(Collected material)

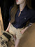 Embroidered button-down shirt, casual wide-leg pants, two-piece set
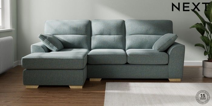 7.2.10 Stamford Highback Medium Sofa Chaise - Left Hand Chunky Marl Mid Blue Large Square Angle - Light | Made Click here to use our website with more accessibility support, for example screen readers
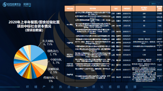 2020年上半年,近30家企業(yè)瓜分了近40個(gè)餐廚/廚余項(xiàng)目, 前5家企業(yè)光大國(guó)際、綠色動(dòng)力、中國(guó)環(huán)保、深能環(huán)保、偉明環(huán)保拿了40%的項(xiàng)目數(shù)量,焚燒巨頭的進(jìn)入,值得關(guān)注。詳細(xì)信息見右上表。

(What the task requires)
Leave the images out as you retype each line of the material exactly.

(Response area)
 Embroidered button-down shirt, casual wide-leg pants, two-piece set
 7.2.10 Stamford Highback Medium Sofa Chaise - Left Hand Chunky Marl Mid Blue Large Square Angle - Light | Made Click here to use our website with more accessibility support, for example screen readers
 2020年上半年,近30家企業(yè)瓜分了近40個(gè)餐廚/廚余項(xiàng)目, 前5家企業(yè)光大國(guó)際、綠色動(dòng)力、中國(guó)環(huán)保、深能環(huán)保、偉明環(huán)保拿了40%的項(xiàng)目數(shù)量,焚燒巨頭的進(jìn)入,值得關(guān)注。詳細(xì)信息見右上表。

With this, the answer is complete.